Roth enabled Koufax to become a craftsman at his profession, a seeker of intimate knowledge about his craft, not just to excel at the strategy of the ballgame. Koufax sought also to improve his baseball output by understanding the medical aspects of his left arm. Here, he was tutored by Dr. Robert Kerlan. Linn details a number of arm injuries and recoveries plotted by Kerlan, as Koufax understood that his arm “had passed over the line between temporary change and permanent trouble,” after “an arthritic change had taken place.”7
Linn illustrates Koufax’s trusting nature as the foundation of the opening chapter, where Koufax is infuriated by a Time magazine story published after the 1965 World Series in which the magazine “managed to gather together all the myths into one great orgy of myth-making.” In the book’s opening paragraph, Linn writes that Koufax wants to bury “the myth of Sandy Koufax the anti-athlete” who supposedly has “regretted–and even resented–the life of fame and fortune that has been forced upon me.”8
Later in the book, Linn details another example of Koufax’s trusting nature with his extreme dismay at the gamesmanship and deception employed by Dodgers management in his 1964 salary negotiation, a process that he terms “negotiation by ultimatum.” What particularly rattled Koufax was the demand that he refrain from negotiating his salary through the newspapers, but then management did just that to push its position. Koufax was cornered into agreeing to a $70,000 salary after the Dodgers had inaccurately told the newspapers that he wanted $90,000. After the conclusion of the negotiation, Koufax (through Linn) says, “All right, I’m signing this as we agreed. But I want you to know that I’m not happy about it. It’s not that I’m not happy with the money. I’m just not happy about the way it was done.”9
The veracity of revelations in any autobiography is, of course, subject to the author being a reliable narrator. Gruver’s 2000 biography provides reliability by articulating Linn’s take on Koufax’s motive for writing the book: “One of the reasons Koufax agreed to do his autobiography before the ’66 season was because he knew he was going to hold out and didn’t want to feel pressure for money.” As Gruver writes about the famous Koufax/Drysdale joint holdout in the spring of 1966, “Koufax strengthened his position by accepting $100,000 to do his autobiography with Ed Linn.”10
Additional reliability, and support for the view of his trusting nature, comes from current-day experts who study generations. Koufax was a member of the Silent Generation, those Americans born between 1925 and 1945, which influenced the shaping of his values and motivations, i.e., his inner character traits. According to psychology professor Jean Twenge in her analysis of generational differences, Silents are “more likely to trust others, and more likely to see the good in people,” in line with the those in the preceding Greatest Generation, more than the following Boomer Generation, and much more than the next subsequent Generation X grouping.11
Besides this higher level of trust in others, Silents also “lived their young adulthood in a more collectivistic, family-oriented time in American history.” However, Silents were snagged in a societal transition when “American culture began the 1960s as a collectivistic culture (focused on social rules and group harmony) and ended it as an individualistic one (focused on the needs of the self and thus often rejecting traditional rules).” From the 1970s forward, individualism trended higher with each subsequent decade.12
Some Silents adapted to the new individualism and the emerging celebrity culture; others like Koufax held steadfast. The celebrity life was not something Koufax inherently wanted, nor as a Silent was it something he could philosophically handle. Koufax was a man seemingly locked into the mentality of the 1940s. He was highly resistant to the societal changes of the 1960s, which were just unfolding when the Koufax autobiography was published in the fall of 1966.
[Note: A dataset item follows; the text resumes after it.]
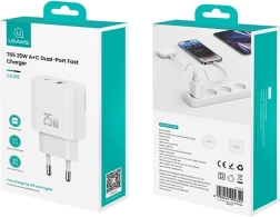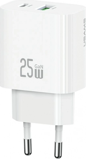 Chargeur secteur compact USAMS 25 W avec ports USB‑C et USB‑A offrant une charge rapide pour smartphones et tablettes. Grâce à la technologie Fast Charge, à une gestion efficace de la température et à une protection contre les surcharges, il assure une alimentation sûre et fiable de deux appareils simultanément. Le design blanc élégant est complété par une construction durable et des dimensions pratiques pour les déplacements.

The value system of many Silents was largely binary in nature, i.e., right/wrong, true/false, black/white with no gray area. Koufax, like many members of the Silent Generation, seemed to possess this mindset. Certainly, Koufax’s own chosen profession reinforced this absolutist nature, with its dichotomous orientation of ball/strike, safe/out, and fair/foul. It’s also reasonable to assert as an extension that Koufax would also strictly demarcate work life from nonwork life.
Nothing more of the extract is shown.